## EXERCISE
Produce a word-for-word copy of the listing below without its pictures.

═════ DATA PROVIDED

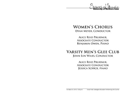 Women's Chorus, Varsity Men's Glee Club, October 24, 2013 [program]
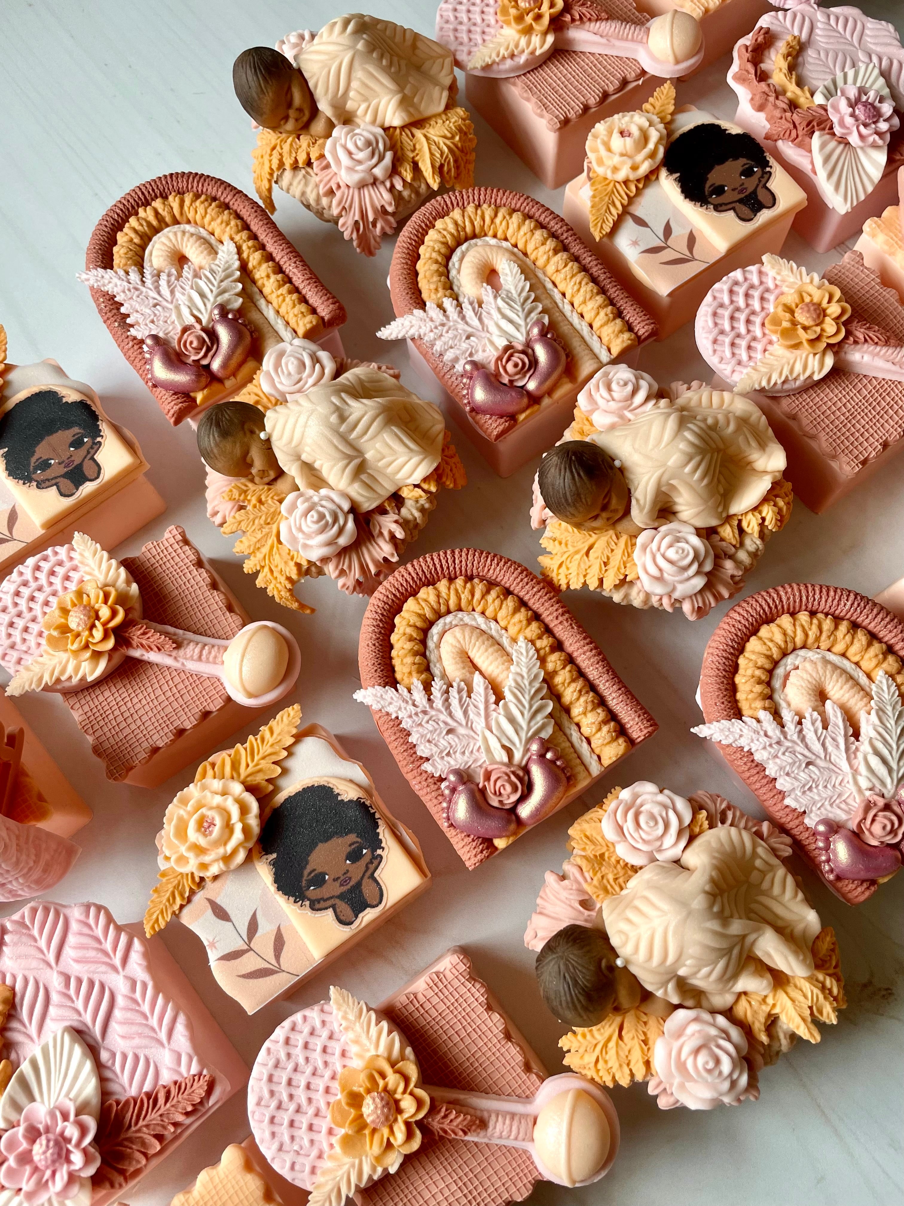 chocolate &/or fondant detail; fully covered in molded chocolate, or our ricesicle bars.
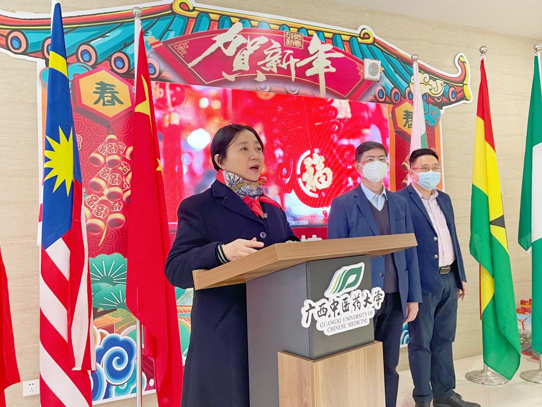 姚春在致辞中向全体师生致以诚挚的新春问候与祝福。她指出,随着中国防疫政策的优化,留学生将陆续返校,希望大家继续努力学习,将疫情对学业的影响降至最低。同时,她还勉励外国同学更加深入地了解中国,成为推动中外民心相通的友好使者,勉励港澳台学生承担起传承祖国传统医学的历史责任,祝愿同学们在新的一年实现梦想,创造佳绩。

══════════

## REPLY
 Women's Chorus, Varsity Men's Glee Club, October 24, 2013 [program]
 chocolate &/or fondant detail; fully covered in molded chocolate, or our ricesicle bars.
 姚春在致辞中向全体师生致以诚挚的新春问候与祝福。她指出,随着中国防疫政策的优化,留学生将陆续返校,希望大家继续努力学习,将疫情对学业的影响降至最低。同时,她还勉励外国同学更加深入地了解中国,成为推动中外民心相通的友好使者,勉励港澳台学生承担起传承祖国传统医学的历史责任,祝愿同学们在新的一年实现梦想,创造佳绩。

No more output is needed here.